### [Raw data]
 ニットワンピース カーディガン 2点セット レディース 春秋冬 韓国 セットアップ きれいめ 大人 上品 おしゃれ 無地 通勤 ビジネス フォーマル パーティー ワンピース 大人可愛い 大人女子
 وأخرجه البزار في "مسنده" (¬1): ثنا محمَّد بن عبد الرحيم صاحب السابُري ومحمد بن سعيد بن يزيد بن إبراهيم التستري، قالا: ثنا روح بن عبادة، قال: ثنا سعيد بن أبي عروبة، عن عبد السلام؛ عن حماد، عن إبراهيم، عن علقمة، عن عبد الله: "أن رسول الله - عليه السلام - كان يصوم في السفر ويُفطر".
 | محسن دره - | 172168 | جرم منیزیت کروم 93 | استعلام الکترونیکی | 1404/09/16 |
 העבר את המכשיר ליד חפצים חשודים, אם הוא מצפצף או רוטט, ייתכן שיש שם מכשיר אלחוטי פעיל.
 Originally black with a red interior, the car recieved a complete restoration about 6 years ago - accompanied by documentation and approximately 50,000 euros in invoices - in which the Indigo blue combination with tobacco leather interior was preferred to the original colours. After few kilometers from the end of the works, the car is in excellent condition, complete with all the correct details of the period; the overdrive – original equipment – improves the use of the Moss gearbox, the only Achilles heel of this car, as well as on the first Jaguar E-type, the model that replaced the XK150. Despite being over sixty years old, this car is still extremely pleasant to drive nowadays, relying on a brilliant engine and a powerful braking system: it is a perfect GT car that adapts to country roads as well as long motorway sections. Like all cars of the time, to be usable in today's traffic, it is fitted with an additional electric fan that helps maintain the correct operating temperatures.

--

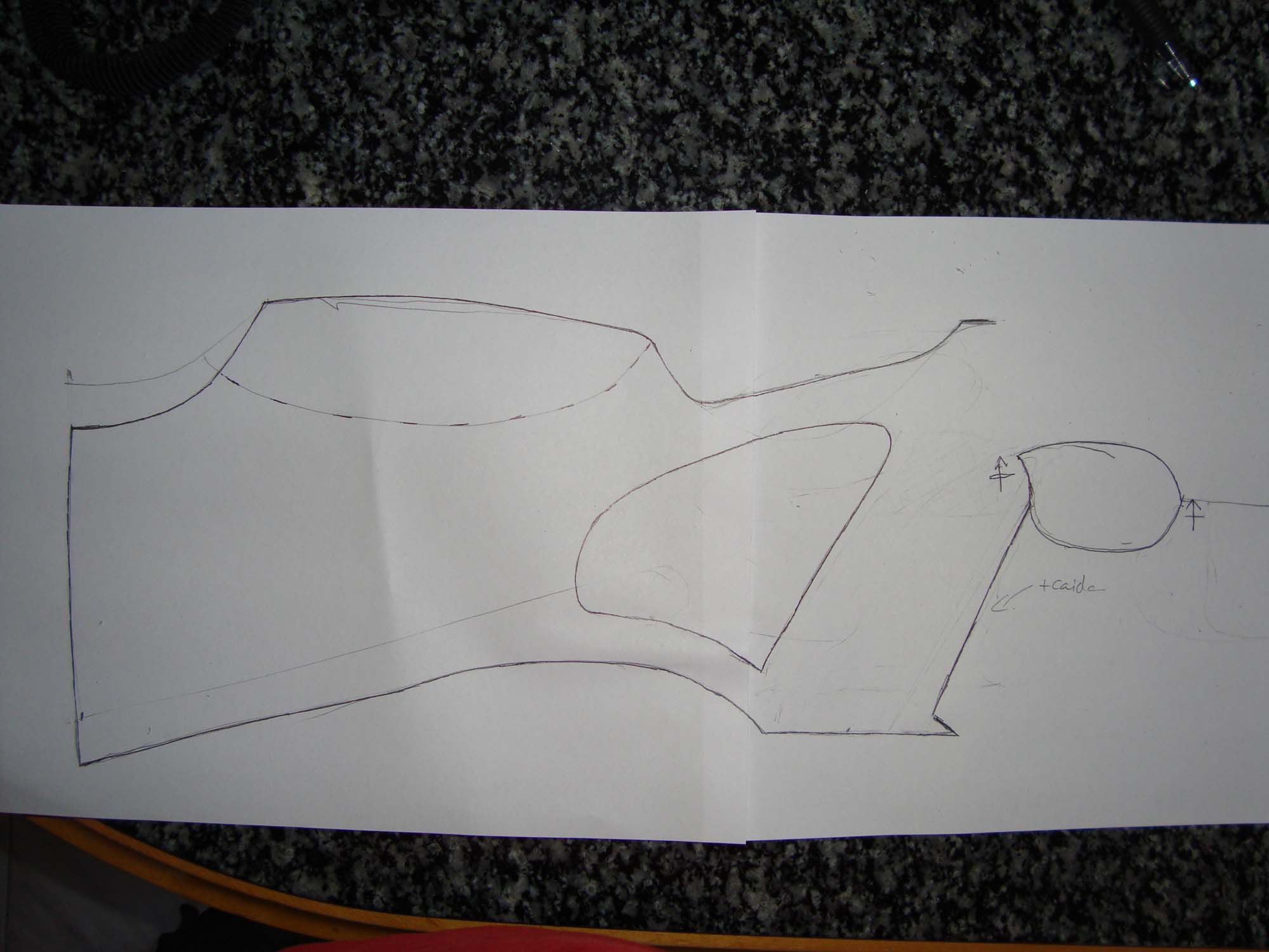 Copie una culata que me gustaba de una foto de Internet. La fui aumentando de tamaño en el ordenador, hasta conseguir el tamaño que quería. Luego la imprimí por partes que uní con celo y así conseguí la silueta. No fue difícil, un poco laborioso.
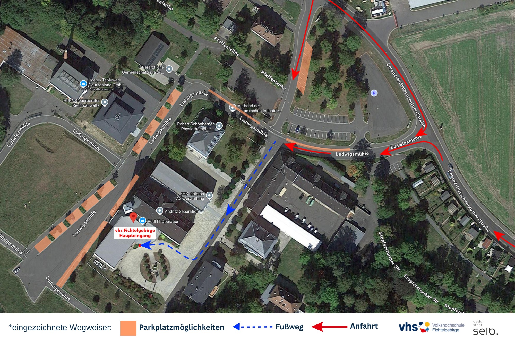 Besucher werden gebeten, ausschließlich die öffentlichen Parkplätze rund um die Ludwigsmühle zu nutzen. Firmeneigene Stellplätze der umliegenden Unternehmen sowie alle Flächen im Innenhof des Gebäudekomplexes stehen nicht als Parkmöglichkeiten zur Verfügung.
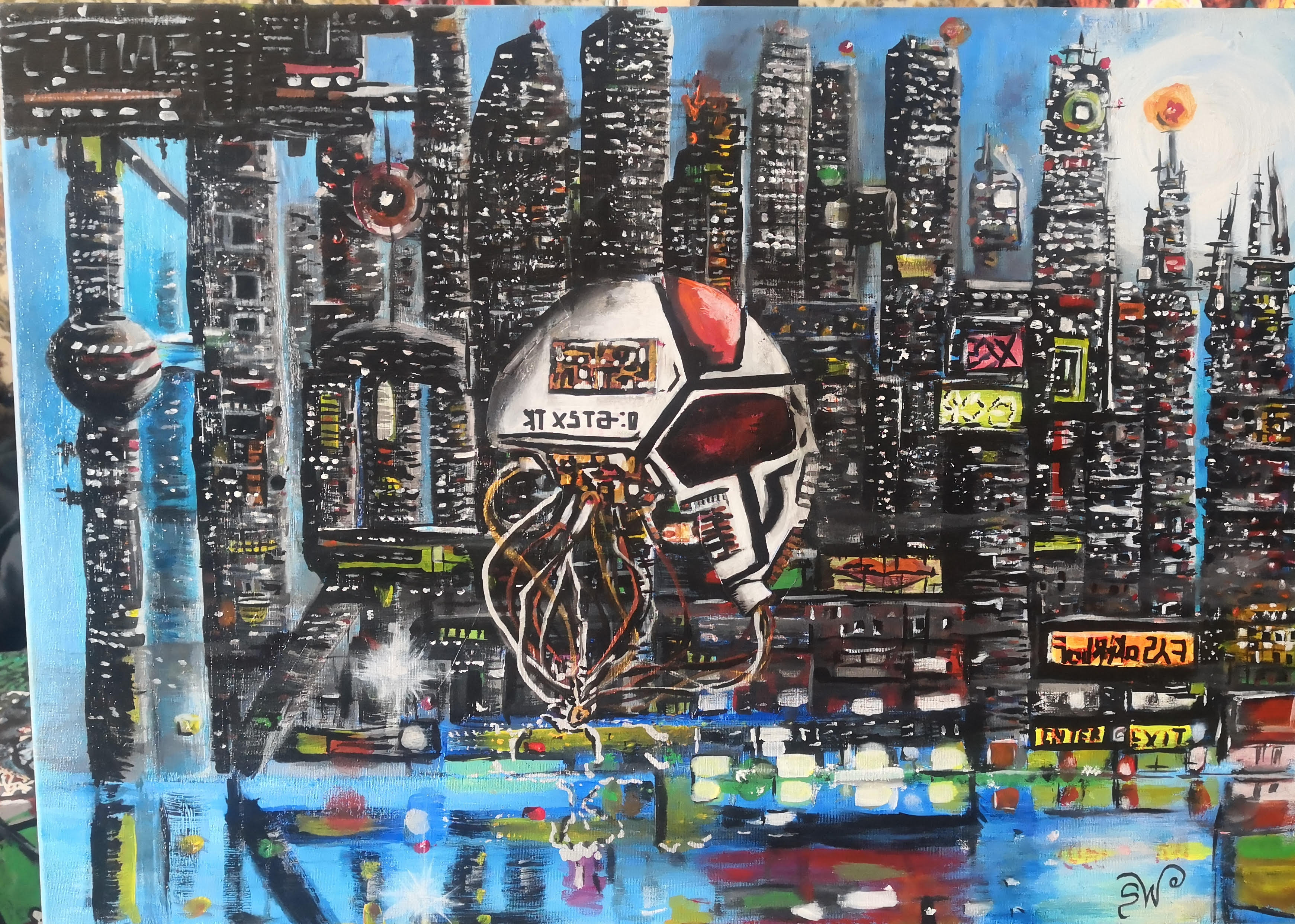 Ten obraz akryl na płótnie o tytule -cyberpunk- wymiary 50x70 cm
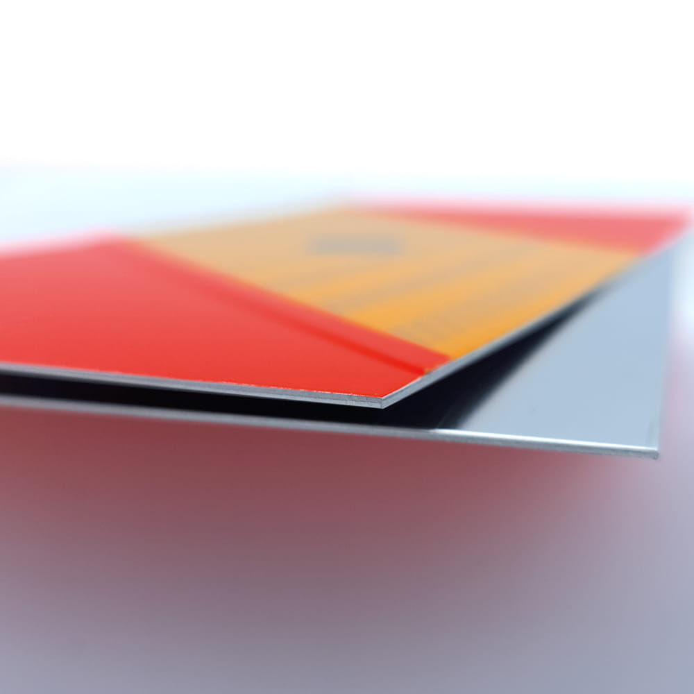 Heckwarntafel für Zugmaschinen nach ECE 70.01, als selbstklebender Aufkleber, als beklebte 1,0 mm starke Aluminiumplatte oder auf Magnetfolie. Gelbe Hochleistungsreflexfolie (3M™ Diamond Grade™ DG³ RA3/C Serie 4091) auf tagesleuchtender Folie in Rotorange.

### [Try it]
Find the line with "Ten obraz akryl" in the entries above. Set down exactly every line from it up to and including the line with "Heckwarntafel für Zugmaschinen", images excluded.

### [Result for this exercise]
 Ten obraz akryl na płótnie o tytule -cyberpunk- wymiary 50x70 cm
 Heckwarntafel für Zugmaschinen nach ECE 70.01, als selbstklebender Aufkleber, als beklebte 1,0 mm starke Aluminiumplatte oder auf Magnetfolie. Gelbe Hochleistungsreflexfolie (3M™ Diamond Grade™ DG³ RA3/C Serie 4091) auf tagesleuchtender Folie in Rotorange.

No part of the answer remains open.